BRIEF
Output the lines from the one holding "Floor Mats are" to the end of the entries that follow, exactly and only those, minus any pictures.

(Stored items from a collection)
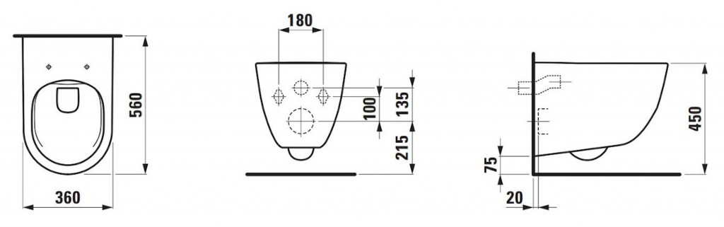 - inštalácie: zavesením na stenu, pre výšku 450 mm
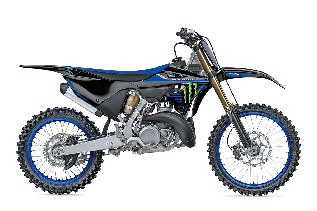 Yamaha wowed us with extensive change for the YZ250 two-stroke in 2022. The 2023 version is understandably unchanged, but it is available in the latest Monster Energy graphics as a special edition. The YZ250 ME Edition gets black plastic and graphics similar to those of the Star Yamaha team. Otherwise, the bike is the same as the standard version.
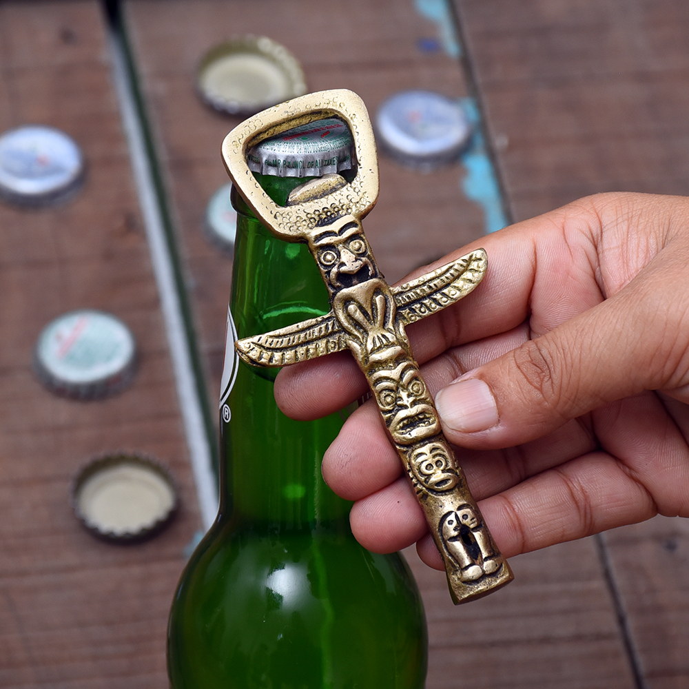 A unique tribal Style brass bottle opener has a unique shape and design . The design is a solid brass mayman and is the perfect addition to a rustic or nautical theme kitchen or bar area .Convenient to carry while travelling and ideal gift for your friends and family.
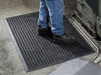 Floor Mats are used throughout facilities in numerous capacities. Entrance Mats are the most effective way of stopping dirt and moisture at the door and keeping building maintenance costs to a minium. Where safety is a must, Anti-Fatigue & Cushion Mats fit the need for employee awareness as well as their health and well being. Custom Logo Mats & Message Mats are also an excellent way to project a positive company image or conveying messages to employees or customers.
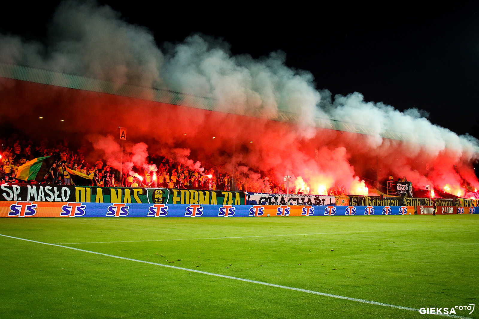 Czekaliśmy na taki mecz latami, w końcu dane nam było zobaczyć happy end. Zobaczyć i uczestniczyć w nim. W ten poniedziałkowy wieczór wszystko ułożyło się idealnie, zarówno na trybunach jak i na boisku. Gol na otwarcie, gol „do szatni”, gol podczas oprawy. Świetna sprawa. I taki piękny kibicowski klimat! Awans bez jakichkolwiek przypadkowych osób na Blaszoku, w blasku różnorakiej pirotechniki, w żółtych koszulkach, z szalami. Oby więcej było tak podniosłych meczów w przyszłym sezonie. To zależy również od każdego z nas!

ANSWER BOX
 Floor Mats are used throughout facilities in numerous capacities. Entrance Mats are the most effective way of stopping dirt and moisture at the door and keeping building maintenance costs to a minium. Where safety is a must, Anti-Fatigue & Cushion Mats fit the need for employee awareness as well as their health and well being. Custom Logo Mats & Message Mats are also an excellent way to project a positive company image or conveying messages to employees or customers.
 Czekaliśmy na taki mecz latami, w końcu dane nam było zobaczyć happy end. Zobaczyć i uczestniczyć w nim. W ten poniedziałkowy wieczór wszystko ułożyło się idealnie, zarówno na trybunach jak i na boisku. Gol na otwarcie, gol „do szatni”, gol podczas oprawy. Świetna sprawa. I taki piękny kibicowski klimat! Awans bez jakichkolwiek przypadkowych osób na Blaszoku, w blasku różnorakiej pirotechniki, w żółtych koszulkach, z szalami. Oby więcej było tak podniosłych meczów w przyszłym sezonie. To zależy również od każdego z nas!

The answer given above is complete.